Abbiamo titolato “In morte di Salvatore Riina” ispirandoci al Foscolo e al suo famoso sonetto In morte del fratello Giovanni. Abbiamo anche citato un’altra poesia che si studiava per la licenza elementare: La quercia caduta. Li conoscevamo tutti(o quasi) a memoria quei versi.
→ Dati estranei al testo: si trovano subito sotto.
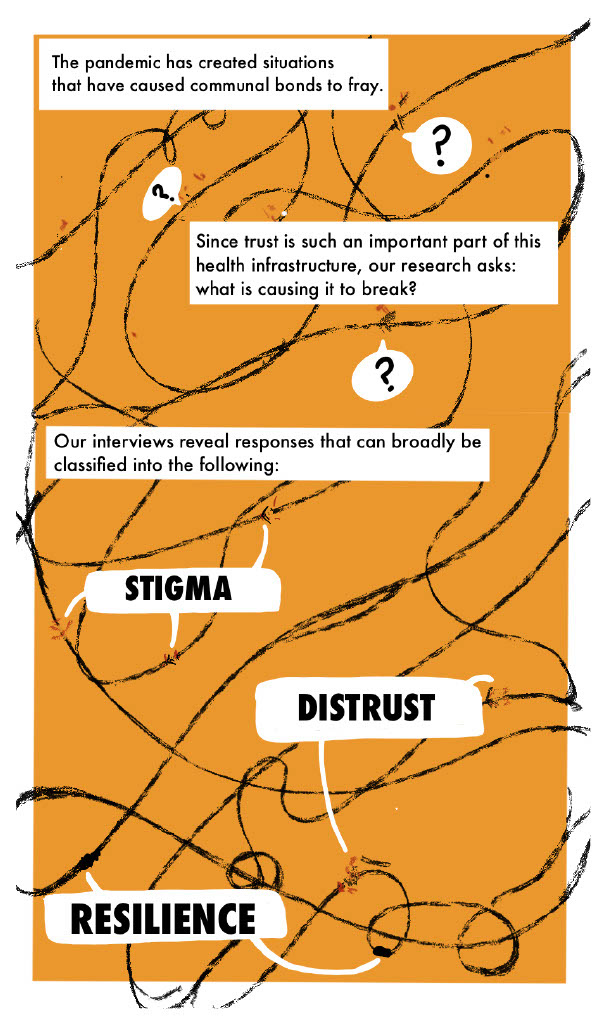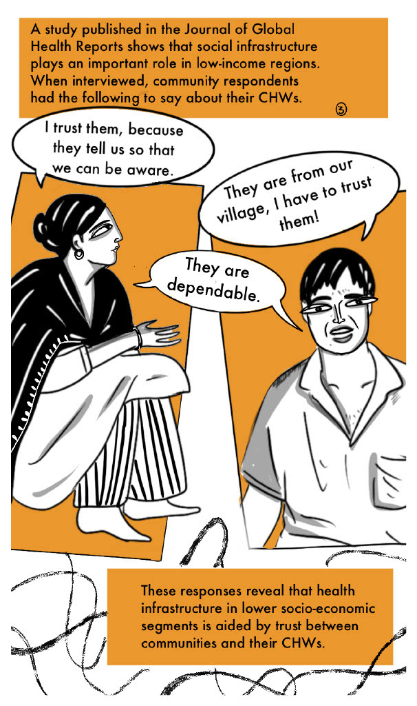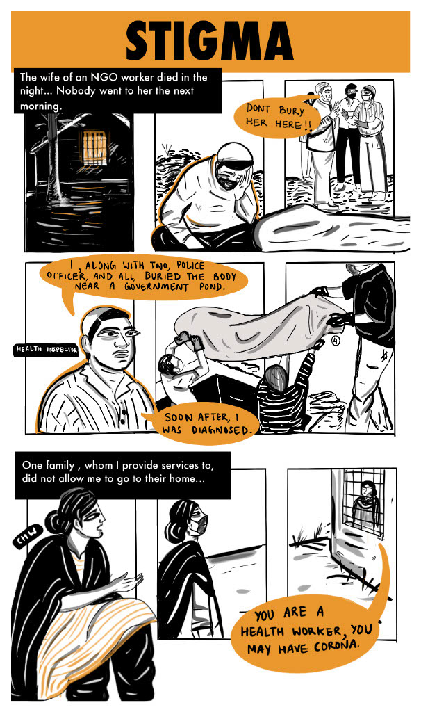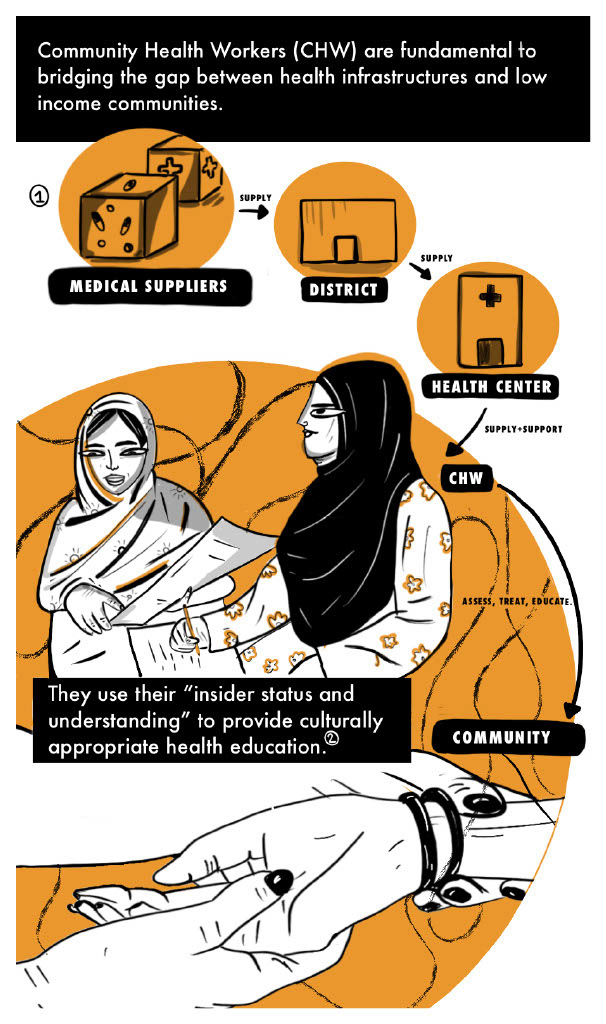 Learning from health seeking experiences of vulnerable populations across urban and rural settings in these countries, Project ARC sought to inform global health systems. The following excerpts are from a comic I created to depict early research findings in a way that was accessible and engaging, while also centering the people behind the data. I referenced local folk art, news articles, videos and images, to capture the everyday reality of the pandemic's impact on low-income communities in Bangladesh.

Oggi niente: è il progresso…

Restando fra le citazioni della cultura poetica liceale, facemmo notare tempo fa un’espressione della moglie di Riina Ninetta Bagarella: “Totò è stato per me il miglior marito del mondo”. Ci ricordava due parole che Omero attribuisce ad Andromaca che parla con il marito Ettore: “…tu sei per me padre e sei madre da rispettare, sei tutti i miei fratelli (ne aveva avuto tanti nella sua città di Ippoplaco), tu sei per me il più splendo marito (su dé moi taleros paracoites), il migliore, cioè, che potessi aver trovato… Ettore, com’è noto, le risponde che affronterà lo stesso la battaglia; sappiamo che andò incontro ad Achille, invulnerabile, ben certo di andare verso la morte. Tutto questo per l’onore proprio della sua città e della famiglia stessa, che era costretto in quel momento a lasciare per sempre.
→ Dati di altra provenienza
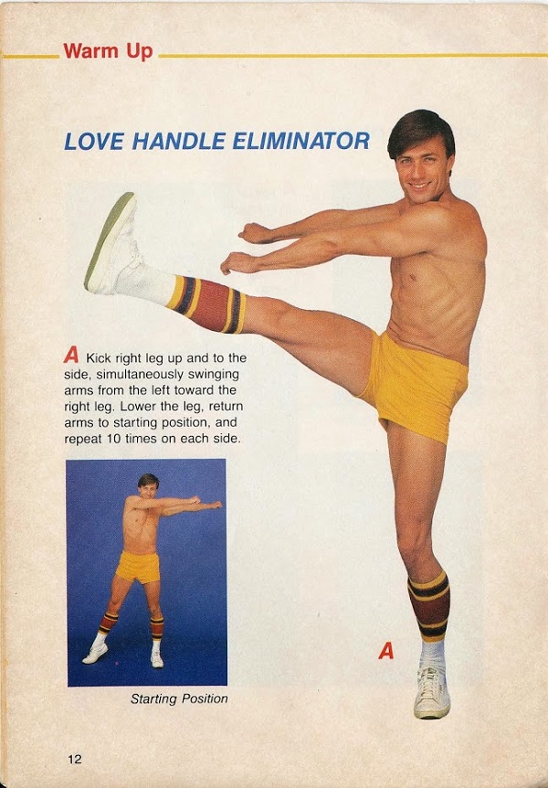 Submitter: I ran across Flatten Your Stomach: For Men Only when I was sweeping the shelves for books that patrons had been browsing and put back in weird places. The fact that I found it out and about argues that someone was looking at it recently, even though it’s only been checked out once since 1999. Flatten Your Stomach: For Men Only was produced by Consumer Guide magazine in 1987, and paging through I couldn’t find anything that indicated why it was for men only, except that most of the routines seem to be named after plays from miscellaneous sports (e.g., “Power Play,” “Two-Point Shot,” and my personal favorite, “Punt”). I think we all know that no woman would be able to follow such a high-concept premise. The most disturbing part (other than the short-shorts) is probably his continuously perky expression. The other disturbing thing is the fact that another library in our consortium has a copy from 1984 still in circulation.

Occorre tener presente che in  certe persone scatta insopportabile la spocchiosità del potere ingiustamente detenuto: non sono accomodanti per natura. E’ la stessa rabbia che manifesta Amleto nel monologo essere o non essere: le contumelie di chi essendo nel torto si dà altezzosamente ragione (riassumiamo): si chiede, infatti Amleto se sia più nobile continuare a vivere in quel mare di guai condizione per “essere” o rinunziarvi, scegliendo di “non essere”.

Ricordiamoci che giustizia, eguaglianza, democrazia, libertà sono beni non certo presenti nella nostra società. Sono solo traguardi lontani nel tempo. Si parla di pari opportunità, ma quali sono le opportunità offerte obiettivamente a tutti, a chi parte dal niente in una società imbrigliata dai notabilati e dalle lobby, da una burocrazia in cui rimane intrappolata la stessa pubblica amministrazione, come un ragno che divenisse prigioniero della propria stessa tela.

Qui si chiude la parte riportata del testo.